● **Given data**
————————
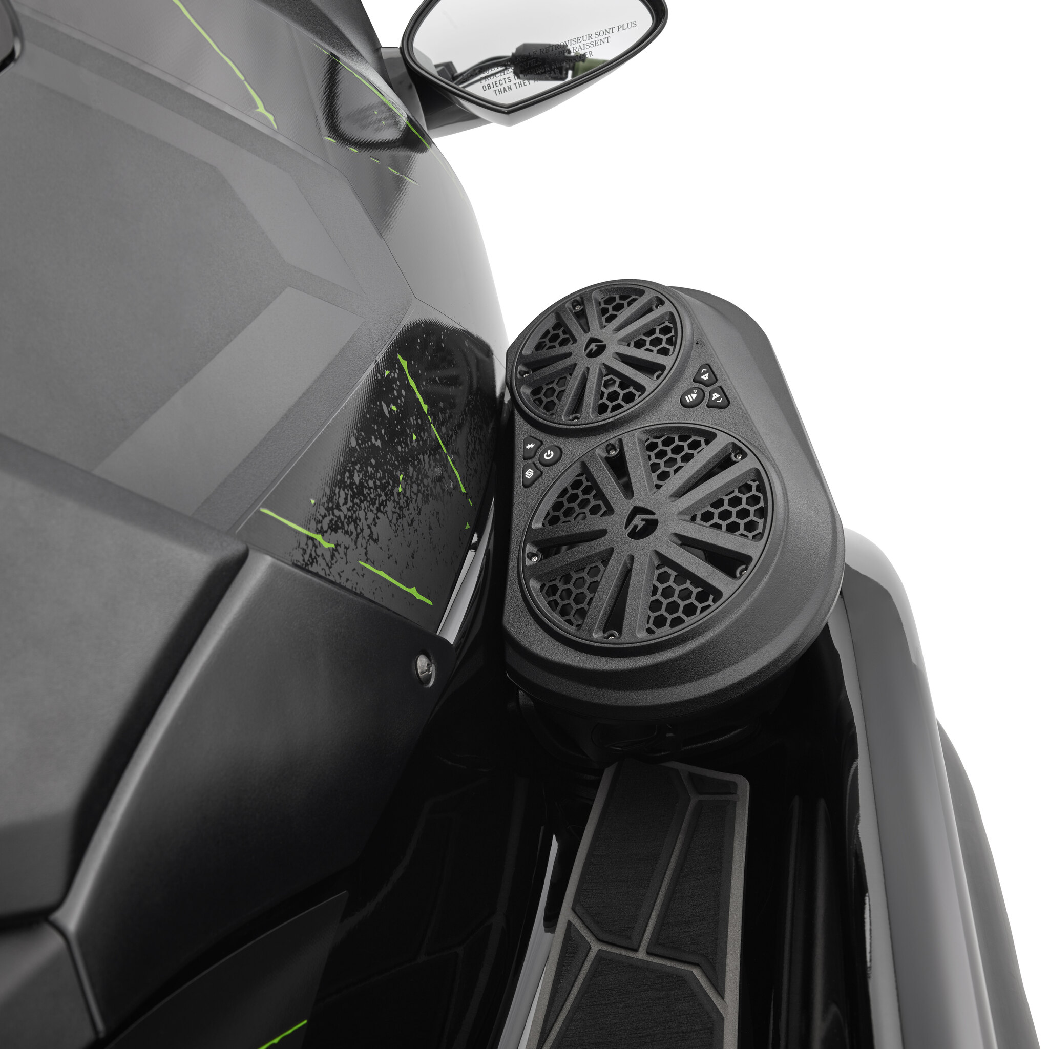 Removable, floating, wireless Bluetooth footwell speakers with new EcoCast technology. Mounting brackets are permanently installed on unit. Features a quick-release for charging, listening on the beach or while floating on the water.
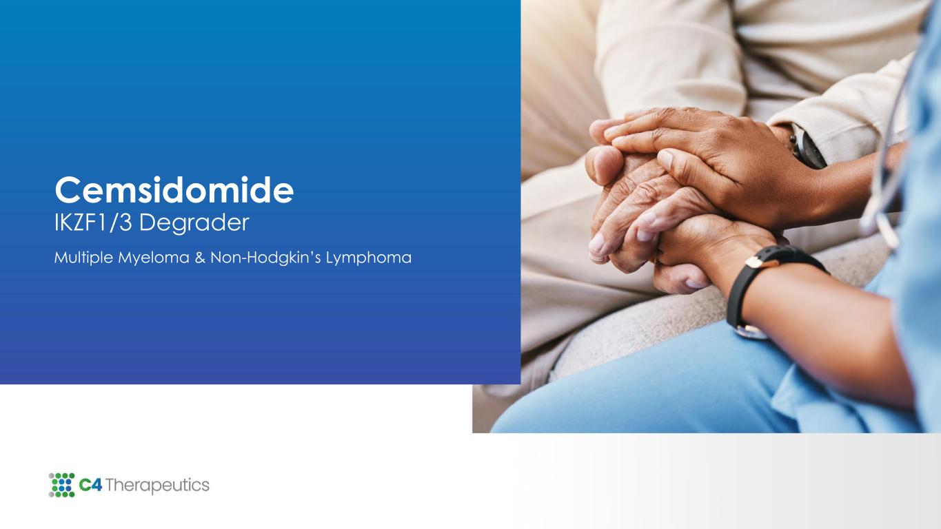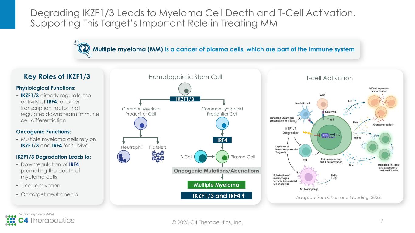 Degrading IKZF1/3 Leads to Myeloma Cell Death and T-Cell Activation, Supporting This Target’s Important Role in Treating MM © 2025 C4 Therapeutics, Inc. Multiple myeloma (MM) Common Myeloid Progenitor Cell Common Lymphoid Progenitor Cell Neutrophil Platelets B-Cell Plasma Cell Oncogenic Mutations/Aberrations IKZF1/3 and IRF4 Multiple Myeloma IRF4 Physiological Functions: • IKZF1/3 directly regulate the activity of IRF4, another transcription factor that regulates downstream immune cell differentiation Oncogenic Functions: • Multiple myeloma cells rely on IKZF1/3 and IRF4 for survival IKZF1/3 Degradation Leads to: • Downregulation of IRF4 promoting the death of myeloma cells • T-cell activation • On-target neutropenia Key Roles of IKZF1/3 IKZF1/3 Hematopoietic Stem Cell Multiple myeloma (MM) is a cancer of plasma cells, which are part of the immune system T-cell Activation Adapted from Chen and Gooding, 2022 IKZF1/3 Degrader 7
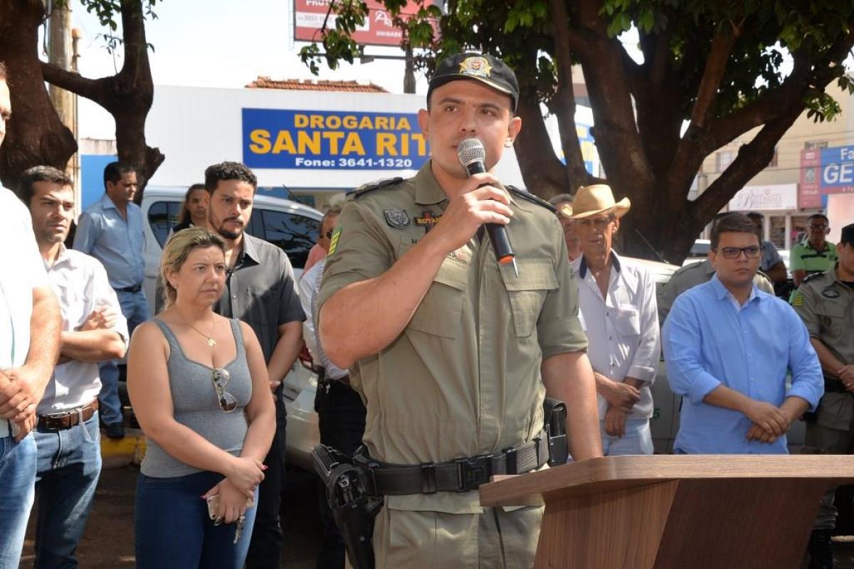 Major Arraes, cumprimentou a todos e disse em suas palavras que “Chegou recentemente na cidade e que temos uma grande responsabilidade em manter o excelente serviço que vinha sendo feito. Quiçá melhorar, continuando com a ajuda do Ten. Cel. Jeovaldo. E os senhores podem ter certeza, que da minha parte, vamos empenhar ao máximo. Temos uma experiência operacional boa. Já chegamos recebendo uma viatura nova. E agradeço ao empenho de todos nisso, que faz uma grande diferença no trabalho, assim como no efetivo. Agradeço as boas vindas, fui muito bem recebido por todos, o que nos motiva a trabalhar mais e mais”, declarou o oficial
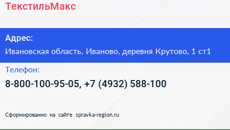 ТекстильМакс по адресу Ивановская область, Иваново, деревня Крутово, 1 ст1 в дальнейшем Организация, размещена в следующих категориях:
————————
● **Problem description**
The answer is the whole listing above, written out verbatim, without its pictures.

● **Output**
 Removable, floating, wireless Bluetooth footwell speakers with new EcoCast technology. Mounting brackets are permanently installed on unit. Features a quick-release for charging, listening on the beach or while floating on the water.
 Degrading IKZF1/3 Leads to Myeloma Cell Death and T-Cell Activation, Supporting This Target’s Important Role in Treating MM © 2025 C4 Therapeutics, Inc. Multiple myeloma (MM) Common Myeloid Progenitor Cell Common Lymphoid Progenitor Cell Neutrophil Platelets B-Cell Plasma Cell Oncogenic Mutations/Aberrations IKZF1/3 and IRF4 Multiple Myeloma IRF4 Physiological Functions: • IKZF1/3 directly regulate the activity of IRF4, another transcription factor that regulates downstream immune cell differentiation Oncogenic Functions: • Multiple myeloma cells rely on IKZF1/3 and IRF4 for survival IKZF1/3 Degradation Leads to: • Downregulation of IRF4 promoting the death of myeloma cells • T-cell activation • On-target neutropenia Key Roles of IKZF1/3 IKZF1/3 Hematopoietic Stem Cell Multiple myeloma (MM) is a cancer of plasma cells, which are part of the immune system T-cell Activation Adapted from Chen and Gooding, 2022 IKZF1/3 Degrader 7
 Major Arraes, cumprimentou a todos e disse em suas palavras que “Chegou recentemente na cidade e que temos uma grande responsabilidade em manter o excelente serviço que vinha sendo feito. Quiçá melhorar, continuando com a ajuda do Ten. Cel. Jeovaldo. E os senhores podem ter certeza, que da minha parte, vamos empenhar ao máximo. Temos uma experiência operacional boa. Já chegamos recebendo uma viatura nova. E agradeço ao empenho de todos nisso, que faz uma grande diferença no trabalho, assim como no efetivo. Agradeço as boas vindas, fui muito bem recebido por todos, o que nos motiva a trabalhar mais e mais”, declarou o oficial
 ТекстильМакс по адресу Ивановская область, Иваново, деревня Крутово, 1 ст1 в дальнейшем Организация, размещена в следующих категориях:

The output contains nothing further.